3D Clothed Human Reconstruction in the Wild

Gyeongsik Moon,Hyeongjin Nam,Takaaki Shiratori,Kyoung Mu Lee
DOI: https://doi.org/10.48550/arXiv.2207.10053
2022-07-21
Abstract:Although much progress has been made in 3D clothed human reconstruction, most of the existing methods fail to produce robust results from in-the-wild images, which contain diverse human poses and appearances. This is mainly due to the large domain gap between training datasets and in-the-wild datasets. The training datasets are usually synthetic ones, which contain rendered images from GT 3D scans. However, such datasets contain simple human poses and less natural image appearances compared to those of real in-the-wild datasets, which makes generalization of it to in-the-wild images extremely challenging. To resolve this issue, in this work, we propose ClothWild, a 3D clothed human reconstruction framework that firstly addresses the robustness on in-thewild images. First, for the robustness to the domain gap, we propose a weakly supervised pipeline that is trainable with 2D supervision targets of in-the-wild datasets. Second, we design a DensePose-based loss function to reduce ambiguities of the weak supervision. Extensive empirical tests on several public in-the-wild datasets demonstrate that our proposed ClothWild produces much more accurate and robust results than the state-of-the-art methods. The codes are available in here: <a class="link-external link-https" href="https://github.com/hygenie1228/ClothWild_RELEASE" rel="external noopener nofollow">this https URL</a>.

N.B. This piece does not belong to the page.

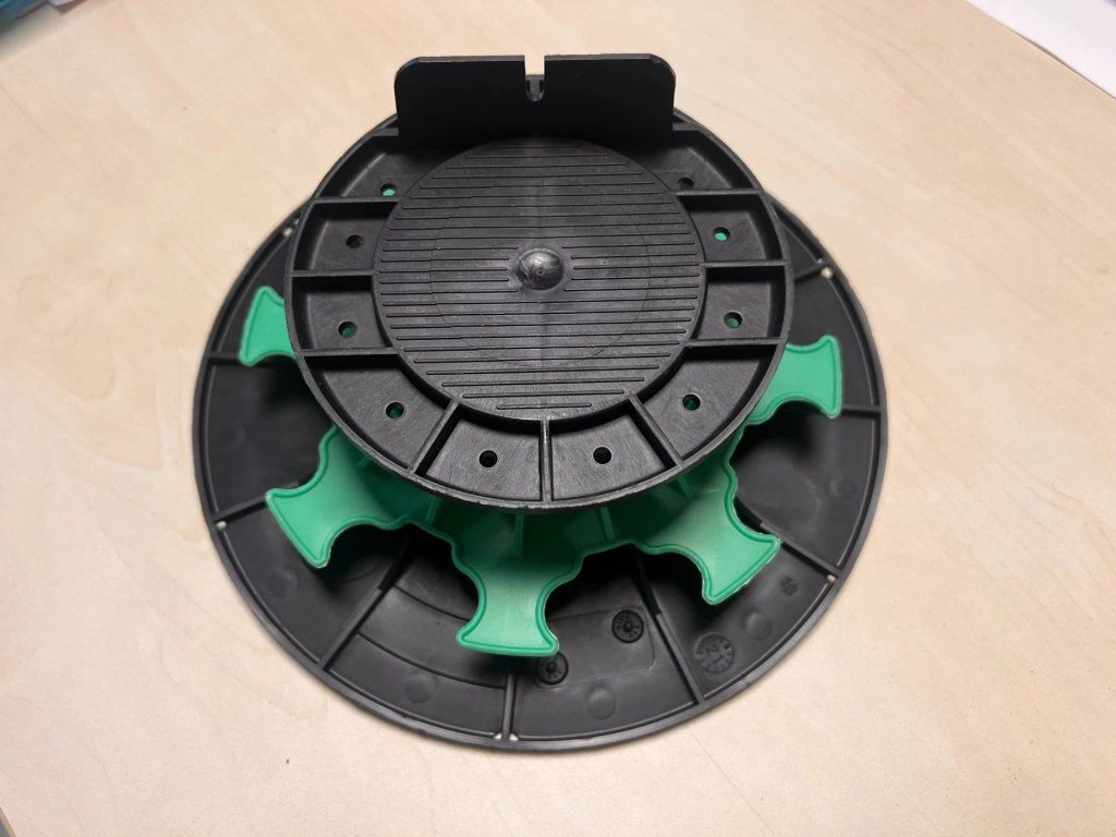 Žádné speciální nástroje, žádné složité postupy. Stavitelný terč H 18-32mm jednoduše umístíte na podkladovou vrstvu, nastavíte požadovanou výšku otáčením základny a položíte povrchový materiál. Celý systém je intuitivní a časově nenáročný – ušetříte hodiny práce oproti tradičním metodám pokládky.

Computer Vision and Pattern Recognition
What problem does this paper attempt to address?
The problem that this paper attempts to solve is to reconstruct the 3D model of a clothed human body from a single image in a complex real - world environment. Although great progress has been made in 3D clothed human body reconstruction, most of the existing methods do not work well when dealing with images in real - world environments, which contain diverse human postures and appearances. This is mainly due to the large domain gap between the training data set and the real - world environment data set. The training data set is usually a synthetic data set, containing rendered images generated from 3D scans. However, the human postures included in these data sets are simple and the image appearances are not natural enough. In contrast, the data sets in the real - world environment are more diverse, which makes it difficult for existing methods to generalize on real - world environment images. To solve this problem, the paper proposes ClothWild, a 3D clothed human body reconstruction framework aiming to improve the robustness to real - world environment images. Specifically, ClothWild improves the robustness to the domain gap in the following two aspects: 1. **Weakly - supervised Pipeline**: A weakly - supervised pipeline that can be trained using 2D supervision targets of the real - world environment data set is proposed. 2. **DensePose - based Loss Function**: A DensePose - based loss function is designed to reduce the ambiguity in weak supervision. Through these methods, tests on multiple publicly available real - world environment data sets show that ClothWild produces more accurate and robust results than the existing state - of - the - art methods.